From Borneo and Around

This blog is all about Borneo (and sometimes elswere) as I experience it. It's about places, people, fauna, food ... and anything I find pleasantly worth sharing in words and pictures.

Wednesday, November 3, 2010


Back in June this year, I visited the plentiful market of Serian town, about one hour drive from Kuching . Serian is a regular stop-over for tourists on their way to visiting the longhouses of Skran, Lemanak or Batang Ai.                                                                                                                                      While I was there to shoot the Durian monument with my camera (check out my previous post: Green Monuments), I spotted a little old lady, seated on a woven mat, timidly laid out on the ground, yet standing out quite obviously with her baskets of many color,  in a corner of the otherwise mostly green vegetable section of the market. As I looked closer, I noticed that the baskets were entirely made of interwoven plastic strips and although I am usually no fan of plastic ware, except for cold storage purposes, I couldn’t help feeling excited and I felt rather frustrated that I just did not have enough time to spend to select a couple, at least, of those beautiful baskets.                                 
Back in Kuching, I mentioned the basket lady to a few of my friends, making a promise to myself to go back there and purchase one of two as soon as I would return from a trip to Perth WA. While I was enjoying browsing in a quaint little shop in Cottlesloe, near Perth, I found myself looking at the same type of colorful baskets! Yet of course with an Australian price, which helped convince me even further that I should indeed go back to the little old lady, back in Serian, Borneo; and so I did, last Sunday morning. I did not find any trace of my little old lady. Instead and to my great surprise, I found the whole center of the vegetable market occupied with rows of baskets, from small to very large, square and round, all with beautifully sharp colors.                              

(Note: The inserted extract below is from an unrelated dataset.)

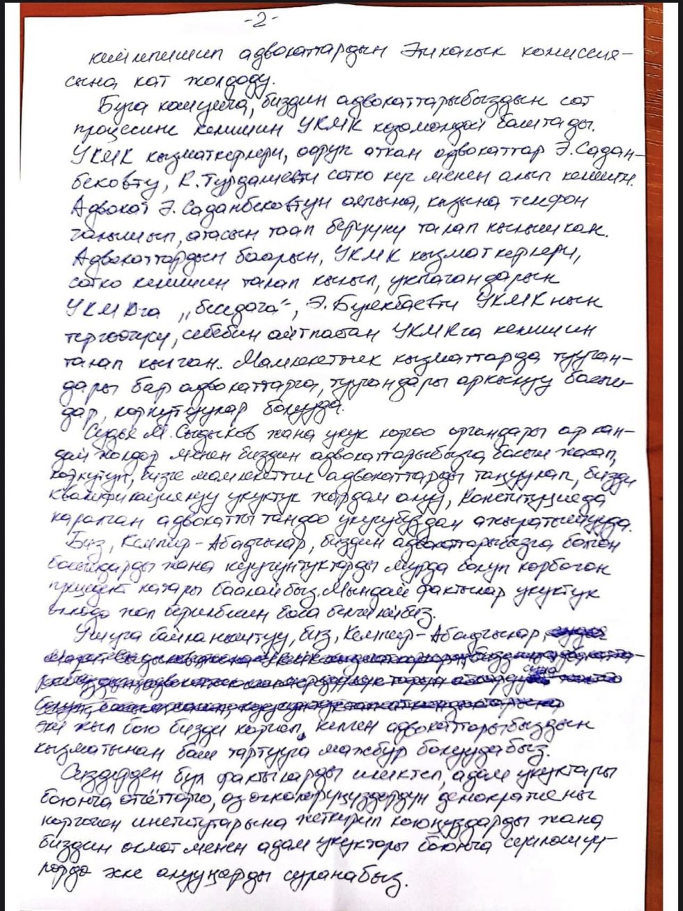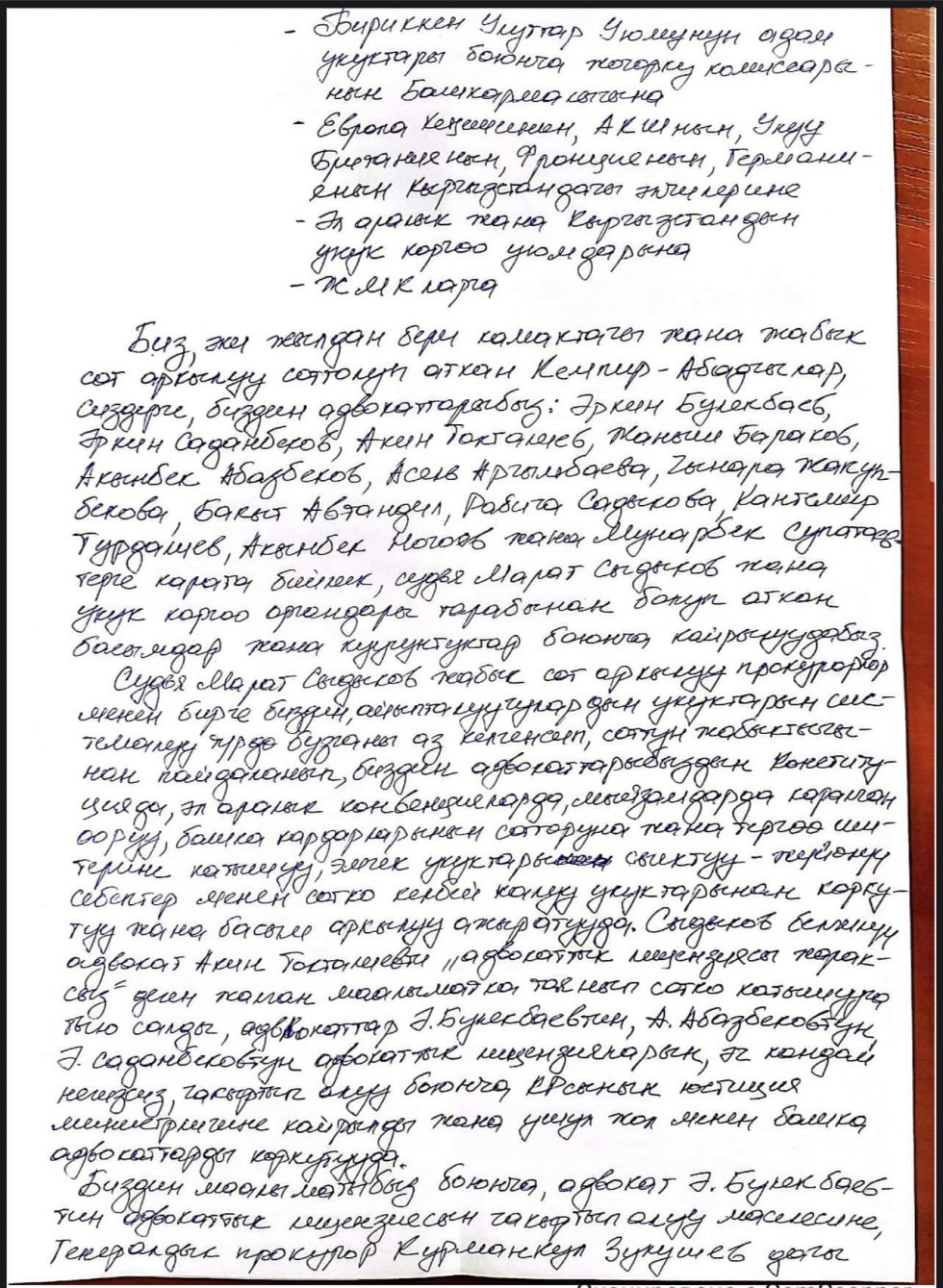 «Мало того, что судья Марат Сыдыков вместе с прокурорами систематически нарушает наши права, лишает права наших адвокатов на получение медицинского лечения, участвовать в других судебных заседаниях и следствиях, право на труд, которые предусмотрены Конституцией, международными конвенциями, их запугивают и давят за то, что они не могут прийти на судебные заседания по понятным причинам. Сыдыков запретил известному адвокату Акину Токталиеву участвовать в процессах. Этому послужила ложная информация о «недействительности его адвокатской лицензии». Также Марат Сыдыков обратился в Министерство юстиции с требованием о лишении лицензий адвокатов Булекбаева, Авазбекова и Саданбекова без каких-либо причин и так же запугивает других юристов», — говорится в обращении.

While scouting for two different sizes and colors, I started chatting with the women who were busy weaving; they told me that they were self taught and worked at the market every day of the week and Sundays; they got their supply of plastic straps from the hardware shop. 

A pinkish basket for my lap-top

Shopping was good; I went back home with a shocking pink and white basket to carry my lap-top and another large one and more purple to store magazines, unaware that my friend Alicia had transformed one of her own into a still life, right inside her living-room, bringing me to think that there seems to be no limit to uses of those beautiful baskets of many colors.

Alicia's basket: what a splendid idea!